Larger Livestock Loans Boost Farm Lending

by Colter Brown

Demand for livestock loans grew in the third quarter, boosting agricultural lending activity. However, demand for operating loans was more subdued, and total non-real estate lending remained near its average of the past decade.

The Kansas City Federal Reserve Bank said the average size of loans for some livestock categories reached an all-time high and contributed to the increased lending. While the average size of operating loans also remained elevated, a smaller number of loans limited the overall financing of operating expenses.

The agricultural economy generally remained strong in the third quarter as elevated commodity prices continued to support farm incomes. Prices of most major crops were at multi-year highs moving into fall harvest and supported farm revenue prospects. However, weakness in the cattle industry persists as low cattle prices continue to limit profit margins for producers. In addition, concerns about drought and higher input costs continue to intensify and likely contributed to an increase in financing needs in the livestock sector.

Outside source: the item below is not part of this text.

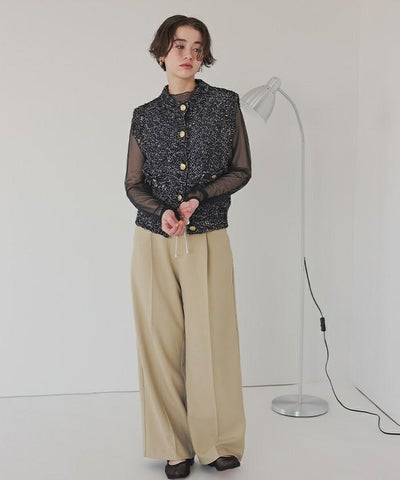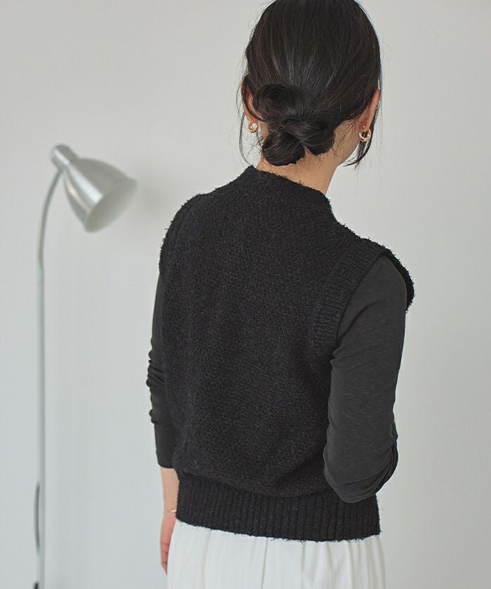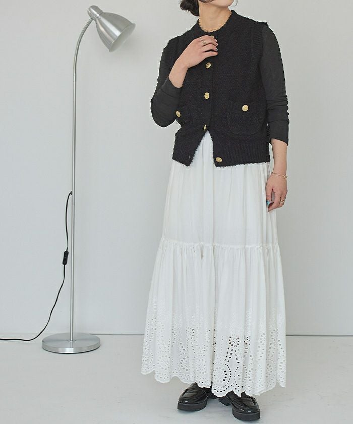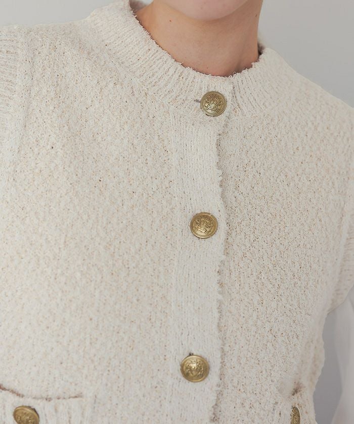 ゴールド釦ツイードニットベスト

With sharp increases from a year ago, lending for livestock purchases continued to trend above the recent historical average for the third quarter. The volume of loans for livestock other than feeders was nearly double the inflation adjusted average during the same quarter from 2010-2019. Feeder livestock loans were also slightly greater than the recent average while operating loans were slightly less.

Alongside an increase in loan sizes, interest rates remain low, and loan durations are higher than recent averages. Rates charged on all types of loans except operating loans declined slightly from a year ago and reached an all-time low for the third quarter. The average maturity of all types of loans, except machinery and equipment loans, were higher than a year ago.